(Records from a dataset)
- Opening Delimiter -

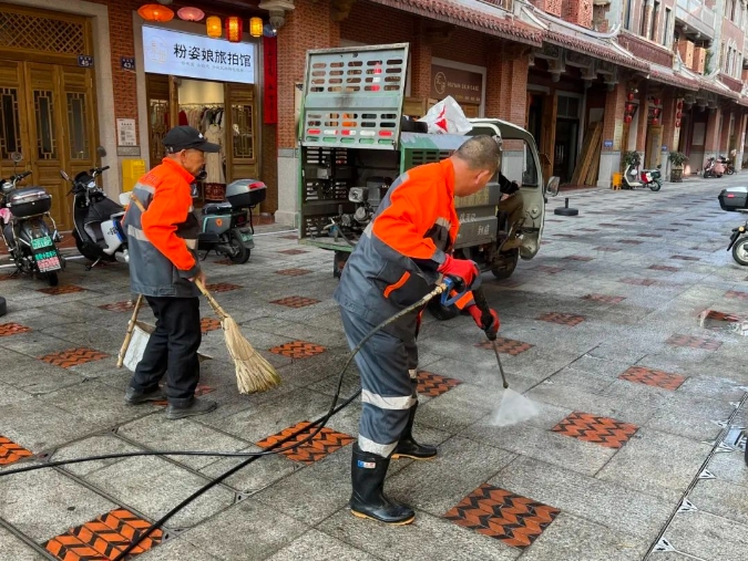 值得一提的是,刺桐鲤市政大力推行机械化与人工协同作业,其中,主干道采用机械化清扫为主、人工辅助的作业模式,每小时清扫面积从3000平方米提升至4200平方米;背街小巷则采用人工清扫为主、小型电动清运车为辅的作业模式,并结合便民上门收垃圾服务,由环卫工人定时驾驶垃圾车巡逻,确保垃圾“日产日清”。自该服务推行以来,累计服务居民超5000人次,古城街巷垃圾满溢现象减少75%,居民群众满意度达到85%以上。
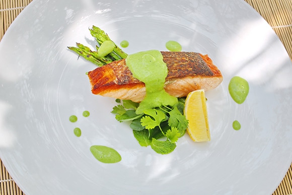 世界のさまざまな国のホテルのシェフが、家でも作れるホテルの味を伝授する短期連載「お家で作る世界のホテルのレシピ」。第4回はベトナムのビーチリゾート、シックスセンシズ ニンバンベイから、ハーブをふんだんに使ったグリルサーモンとサラダの2品を紹介。
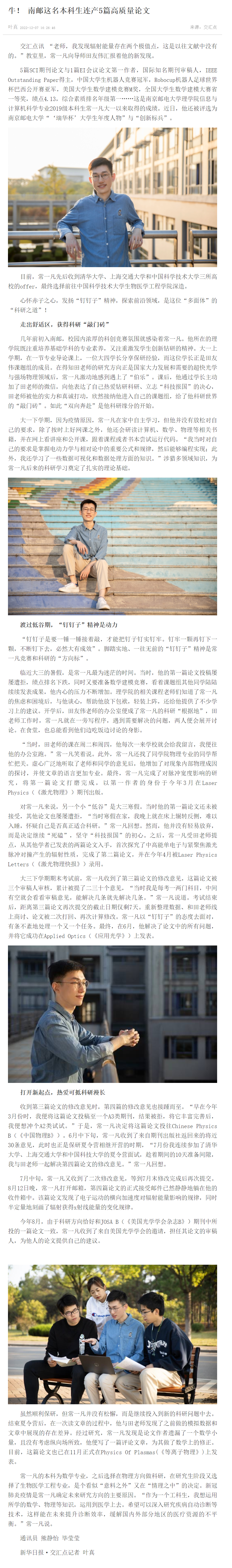 【新華日報客戶端】牛! 南郵這名本科生連產5篇高質量論文
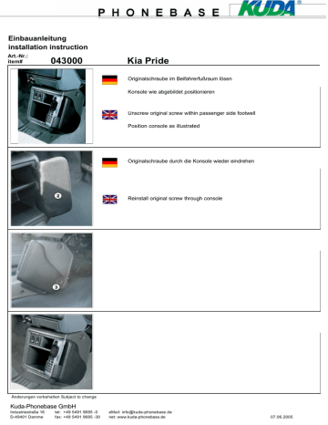 Einbauanleitung installation instruction Art.-Nr.: item# 043000 Kia Pride Originalschraube im Beifahrerfußraum lösen Konsole wie abgebildet positionieren Unscrew original screw within passenger side footwell Position console as illustrated Originalschraube durch die Konsole wieder eindrehen Reinstall original screw through console Änderungen vorbehalten Subject to change Kuda-Phonebase GmbH Industriestraße 16 D-49401 Damme tel: +49 5491 9695 -0 fax: +49 5491 9695 -30 eMail: [email protected] net: www.kuda-phonebase.de 07.06.2005 instrucciones de instalación Instructions d´ installation art: 043000 Kia Pride Desserrez la vis originale dans le plancher de passager Positionnez la console comme illustré Destornille el tornillo original en el espacio de pies del acompañante Posicione la consola como mostrado Vissez la vis orginale à travers la console Reinstale el tornillo original por la consola Nous nous réservons la possibilité de modification Salvo posibles modificaciones Kuda-Phonebase GmbH Industriestraße 16 D-49401 Damme tel: +49 5491 9695 -0 fax: +49 5491 9695 -30 eMail: [email protected] net: www.kuda-phonebase.de 07.06.2005 installatie instructie instrukcja montazu . art: 043000 Kia Pride Originele schroef in de voetenruimte van de passagier losdraaien Konsole zoals afgebeeld positioneren Odkrecic oryginalna srube przy skrzyni biegów od strony kierowcy Uchwyt umiescic jak na przedstawionym zdjeciu. Orginele schroef door de console heendraaien Srube przez konsole znowu wkrecic Nous nous réservons la possibilité de modification Salvo posibles modificaciones FormenArtikel Kuda-Phonebase GmbH Industriestraße 16 D-49401 Damme 04300X tel: +49 5491 9695 -0 fax: +49 5491 9695 -30 eMail: [email protected] net: www.kuda-phonebase.de 07.06.2005
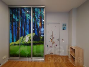 Вторая комната (детская) площадью 16.8 м2 лаконична по меблировке: шкаф-купе и система хранения по периметру окна.
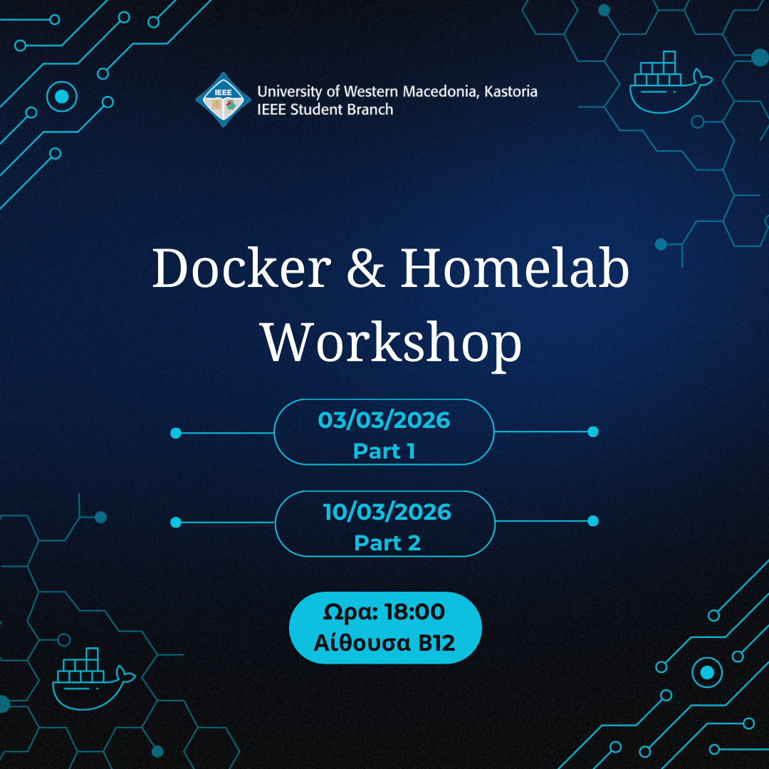 Το IEEE Student Branch University of Western Macedonia (Kastoria) προσκαλεί τη φοιτητική κοινότητα στο επερχόμενο Workshop με τίτλο “Docker & Home Lab”.
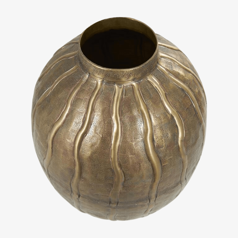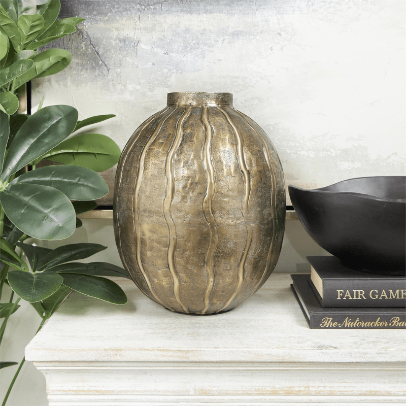 El jarrón inspirado en la piel de serpiente cuenta con un acabado dorado glamuroso y brillante, perfecto para añadir un toque de lujo a tu espacio.

- Closing Delimiter -

### TASK BRIEF
Every entry should be returned exactly as written, minus the pictures.

### RESULT OF THE TASK
 值得一提的是,刺桐鲤市政大力推行机械化与人工协同作业,其中,主干道采用机械化清扫为主、人工辅助的作业模式,每小时清扫面积从3000平方米提升至4200平方米;背街小巷则采用人工清扫为主、小型电动清运车为辅的作业模式,并结合便民上门收垃圾服务,由环卫工人定时驾驶垃圾车巡逻,确保垃圾“日产日清”。自该服务推行以来,累计服务居民超5000人次,古城街巷垃圾满溢现象减少75%,居民群众满意度达到85%以上。
 世界のさまざまな国のホテルのシェフが、家でも作れるホテルの味を伝授する短期連載「お家で作る世界のホテルのレシピ」。第4回はベトナムのビーチリゾート、シックスセンシズ ニンバンベイから、ハーブをふんだんに使ったグリルサーモンとサラダの2品を紹介。
 【新華日報客戶端】牛! 南郵這名本科生連產5篇高質量論文
 Einbauanleitung installation instruction Art.-Nr.: item# 043000 Kia Pride Originalschraube im Beifahrerfußraum lösen Konsole wie abgebildet positionieren Unscrew original screw within passenger side footwell Position console as illustrated Originalschraube durch die Konsole wieder eindrehen Reinstall original screw through console Änderungen vorbehalten Subject to change Kuda-Phonebase GmbH Industriestraße 16 D-49401 Damme tel: +49 5491 9695 -0 fax: +49 5491 9695 -30 eMail: [email protected] net: www.kuda-phonebase.de 07.06.2005 instrucciones de instalación Instructions d´ installation art: 043000 Kia Pride Desserrez la vis originale dans le plancher de passager Positionnez la console comme illustré Destornille el tornillo original en el espacio de pies del acompañante Posicione la consola como mostrado Vissez la vis orginale à travers la console Reinstale el tornillo original por la consola Nous nous réservons la possibilité de modification Salvo posibles modificaciones Kuda-Phonebase GmbH Industriestraße 16 D-49401 Damme tel: +49 5491 9695 -0 fax: +49 5491 9695 -30 eMail: [email protected] net: www.kuda-phonebase.de 07.06.2005 installatie instructie instrukcja montazu . art: 043000 Kia Pride Originele schroef in de voetenruimte van de passagier losdraaien Konsole zoals afgebeeld positioneren Odkrecic oryginalna srube przy skrzyni biegów od strony kierowcy Uchwyt umiescic jak na przedstawionym zdjeciu. Orginele schroef door de console heendraaien Srube przez konsole znowu wkrecic Nous nous réservons la possibilité de modification Salvo posibles modificaciones FormenArtikel Kuda-Phonebase GmbH Industriestraße 16 D-49401 Damme 04300X tel: +49 5491 9695 -0 fax: +49 5491 9695 -30 eMail: [email protected] net: www.kuda-phonebase.de 07.06.2005
 Вторая комната (детская) площадью 16.8 м2 лаконична по меблировке: шкаф-купе и система хранения по периметру окна.
 Το IEEE Student Branch University of Western Macedonia (Kastoria) προσκαλεί τη φοιτητική κοινότητα στο επερχόμενο Workshop με τίτλο “Docker & Home Lab”.
 El jarrón inspirado en la piel de serpiente cuenta con un acabado dorado glamuroso y brillante, perfecto para añadir un toque de lujo a tu espacio.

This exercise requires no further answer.